Mayan Cocoa from Guatemala

100% Pure Ceremonial Grade Cocoa, from the native Mayan Q’eqchi families.

This ceremonial grade cocoa is grown and harvested by native Q’eqchi’ Mayan families, many in the highlands of Guatemala around Laguna Lachuá, a beautiful cenote.

The Mayans have cultivated cocoa for thousands of years in perfect harmony along with honey, cardamom and corn.

The indigenous Q’eqchi’ communities have been the guardians of the sacredness of cocoa and have preserved the ancestral ceremonies of fire and cocoa for thousands of years.


Type: Ceremonial Grade Cocoa.

Ingredients: Ceremonial Grade Cocoa, Cayenne Pepper, Ceylon Cinnamon and Vanilla.

Origin: Mayan tribes of southern Belize.

Presentation: Cocoa block.

Size: 500 grams.

Storage: Store in a cool, dry place away from direct sunlight.


Q’eqchi’ cocoa

Kakaw is an ancient drink of the Q’eqchi’ Mayan people, which is used in many Mayan ceremonies.

In the mountainous Alta Verapaz region of Guatemala, indigenous Q’eqchi farmers grow some of the best cocoa in the world.

In the Lachuá Ecoregion, there is a beautiful lagoon considered a National Park since 1976: the Lachuá Lagoon, around which numerous Mayan Q’eqchi’ families live, mainly dedicated to the cultivation of cocoa.

Q’eqchi’ native village

Q’eqchi’ is a Mayan people that still exists in Guatemala.
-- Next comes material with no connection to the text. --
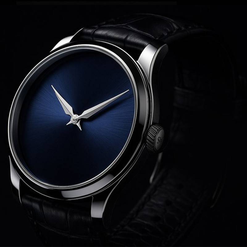 Le cadran de la Purista Blao arbore une sublime teinte bleue vibrante qui capte l'attention par sa finition brossée et soleillée. Les aiguilles dauphine, épurées mais élégantes, parcourent la surface lisse du cadran avec une fluidité remarquable, garantissant une lecture immédiate des heures et des minutes. La sobriété de ce cadran sans indices ni chiffres exprime une approche minimaliste, préférant la pureté des lignes à la surcharge visuelle, et offre ainsi une allure intemporelle et universelle.

They settled around some hills near the Chixoy and Polochic rivers in approximately 600 BC, and had contact with ancient civilizations such as the Pipil, Toltec, Chichimeca and the great Mayan cities.

Until the arrival of the Spanish, they were governed by chiefs who in turn depended on a great lord chosen by all the principals.

Archaeological sites with signs of jateado stone construction are Chajkar, Chimax, Chinama, Ku’k’uch in Chinapetén and behind the Calvary of San Pedro Carchá. The Calvary of Cobán is one of the most important Mayan ceremonial centers.

The main economic activity is represented by agriculture; Corn and beans are planted, which constitute the family food, complemented by the raising of birds, pigs and other domestic animals.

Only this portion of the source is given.